Contains subarticle John Thornton (1720–1790).

600430Dictionary of National Biography, 1885-1900, Volume 56 — Thornton, Henry1898Leslie Stephen

THORNTON, HENRY (1760–1815), philanthropist and economist, born on 10 March 1760, was the son of John Thornton, who was himself only son, by his first wife, Hannah Swynocke, of Robert Thornton of Clapham Common, a director of the Bank of England. Samuel Thornton [q. v.] was his elder brother.

The father, John Thornton (1720–1790), born on 1 April 1720, inherited a large fortune and invested it in trade. He was frugal in personal expenditure, and gave away 2,000l. or 3,000l. a year. He became known as a munificent supporter of the first generation of ‘Evangelicals.’ He circulated immense quantities of bibles and religious books in all parts of the world, and printed many at his own expense. He bought advowsons in order to appoint deserving clergymen. When John Newton (1725–1807) [q. v.] settled at Olney, Thornton allowed him 200l. a year to be spent in hospitality, and promised as much more as might be needed.
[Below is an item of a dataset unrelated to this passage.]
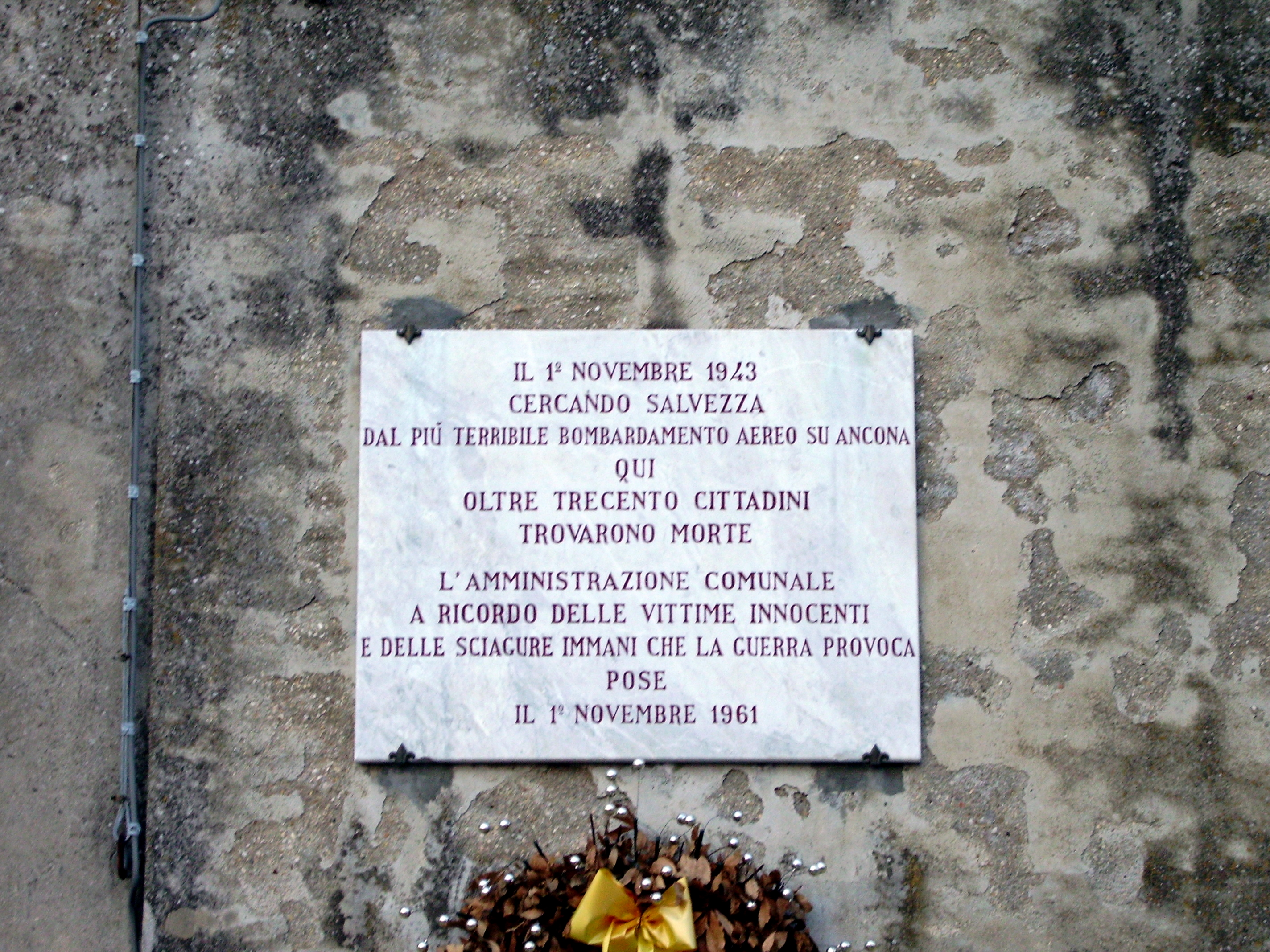 Plaque in memory of the 300+ victims of a 1943 Allied bombing that hit a shelter.
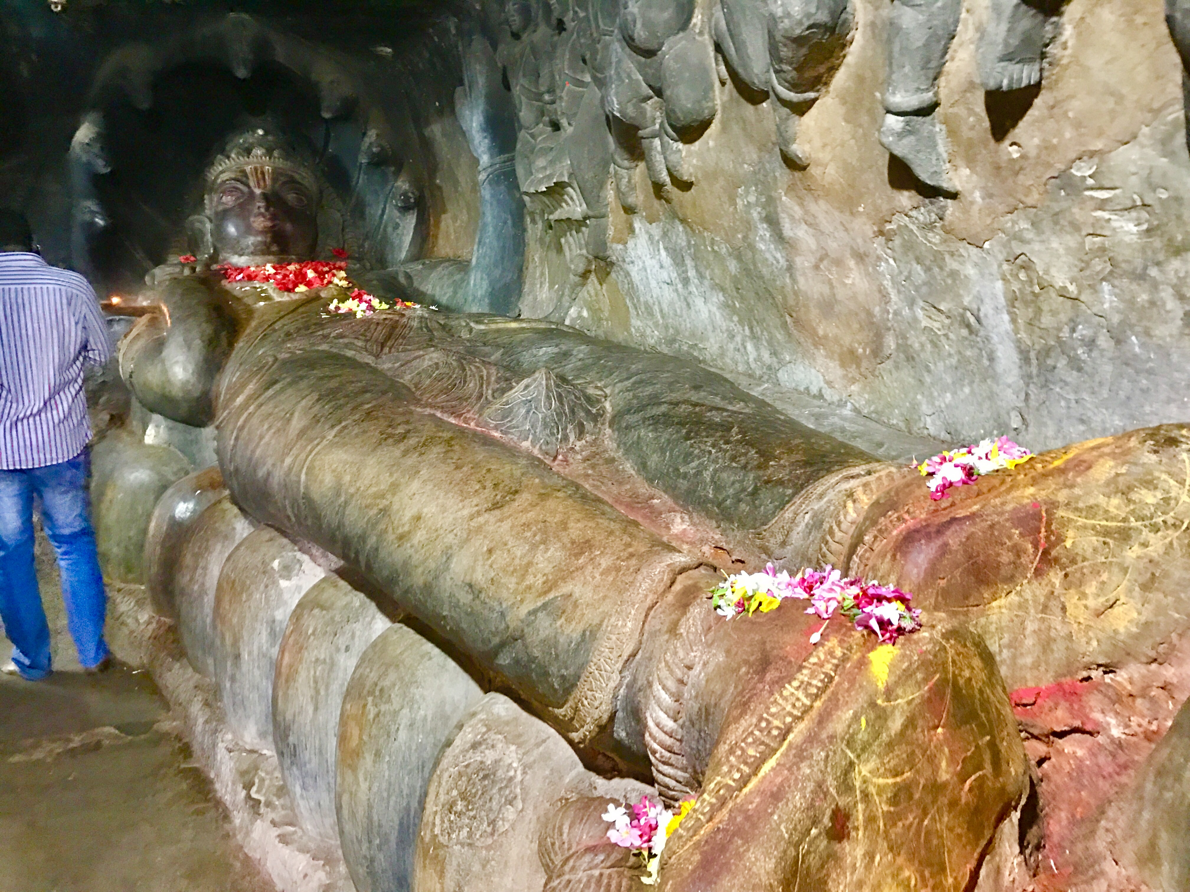 Undavalli caves on Vijayawada-Amaavathi road

When Cowper took refuge with Newton during his mental disease in 1773–4, Thornton doubled this annuity. Thornton in 1779 presented Newton to the rectory of St. Mary Woolnoth. He was a constant friend to Cowper, who describes him in the poem on ‘Charity,’ and wrote some lines upon his death (Cowper, Works, ed. Southey, x. 29). Thornton was the first treasurer of the Marine Society, and his portrait by Gainsborough is in their board-room in Clarke's Place, Bishopsgate Street Within. He was a director of the Russia Company, but declined to be its governor, on the ground of his disapproval of some indecorums permitted at their public dinners. His strictness, and some oddities of manner, exposed him to sneers, to which he was absolutely indifferent. He was hospitable to congenial persons, though mixing little in general society. He died on 7 Nov. 1790. He had married (28 Nov. 1753) Lucy, only daughter and heiress of Samuel Watson of Kingston-upon-Hull. She had been much influenced by Dr. Watts. They had four children: Samuel [q. v.]; Robert, M.P. for Colchester; Jane, who married the Earl of Leven; and Henry.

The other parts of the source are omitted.